Modelling the effects of climate change on dung beetle populations

Project title: Modelling the effects of climate change on dung beetle populations

Project participants: Associate Professor Nigel Andrew (University of New England), Dr Timothy Schaerf (University of New England)

Project description: As part of their life-cycle, dung beetles actively remove dung from the environment, either for use as food or breeding chambers for their offspring. The removal of dung by these beetles is also an important ecosystem service, with impact that extends to human agriculture. For example, in Australia dung beetles remove pasture dung, and as a consequence: enhance soil nutrient cycling, water penetration and soil aeration; destroy pest-fly breeding sites; and reduce the impacts of livestock gastro-intestinal parasites.

Available evidence suggests that climate change will have a substantial impact on dung beetles. At the individual level, warming advances egg laying and hatching rates, decreases egg and larval size, and decreases dung beetle survival. At population levels, warmer conditions have been linked to altitudinal shifts in the ranges of dung beetle species, and to changes in habitat selection by dung beetles. There is also evidence that warming substantially reduces dung breakdown by beetles, with an associated reduction in growth of plants surrounding dung patches. Logically, the impacts on beetles are likely to effect the services that they provide to their ecosystems.

This project will involve the development of individual based models that model dung beetle growth, development and reproductive output using dynamic energy budget theory (systems of ordinary differential equations that model how organisms allocate available energy resources in order to grow and reproduce).

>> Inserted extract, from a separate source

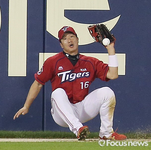 (서울=포커스뉴스) 10일 서울 잠실구장에서 열린 2016 프로야구 KIA-두산 경기 5회말 2사 1,2루에서 KIA 좌익수 김주찬이 두산 박건우의 타구를 잡다 뒤로 넘어지며 놓치고 있다.

These models will be informed by experimental and observational work performed by Associate Professor Nigel Andrew and members of the Insect Ecology Laboratory at the University of New England. Observational data from multiple species present in Australia will include the effects of variable climate on beetle growth, maturation and reproductive output, competition within and between species for available dung resources, movements of beetles through their environment, and the general availability of dung. The models can be developed to examine possible climate effects on dung beetle populations at varying spatial scales, and to examine possible adaptation of beetles across multiple generations subject to changing climatic conditions.

Related publications:

1. X Wu and S Sun, Artificial warming advances egg-laying and decreases larval size in the dung beetle Aphodius erraticus (Coleoptera: Scarabaeidae) in a Tibetan alpine meadow, Annales Zoologci Fennici, 49:174-180, (2012).

2. T H Larsen, Upslope range shifts of Andean dung beetles in response to deforestation: compounding and confounding effects of microclimatic change, Biotropica, 44:82-89, (2012).

3. R Menéndez and D Gutiérrez, Shifts in habitat associations of dung beetles in northern Spain: climate change implications, Écoscience, 11:329-337, (2004).

4. X Wu, J E Duffy, P B Reich and S Sun, A brown-world cascade in the dung decomposer food web of an alpine meadow: effects of predator interactions and warming, Ecological Monographs, 81: 313-328, (2011).

5. S A L M Kooijman, Dynamic Energy Budget Theory for Metabolic Organisation, Cambridge University Press, (2010).

6. B T Martin, E I Zimmer, V Grimm and T Jager, Dynamic energy budget theory meets individual-based modelling: a generic and accessible implementation, Methods in Ecology and Evolution, 3:445-449, (2012).

7. B T Martin, T Jager, R M Nisbet, T G Preuss and V Grimm, Predicting population dynamics from the properties of individuals: a cross-level test of dynamic energy budget theory, American Naturalist, 181:506-519, (2013).

8. M Renton, Aristotle and adding an evolutionary perspective to models of plant architecture in changing environments, Frontiers in Plant Science, 4:284, (2013).

9. M C Welch, P W Kwan and A S M Sajeev, Applying GIS and high performance agent-based simulation for managing old world screwworm fly invasion of Australia, Acta Tropica, 138S:S82-S93, (2014).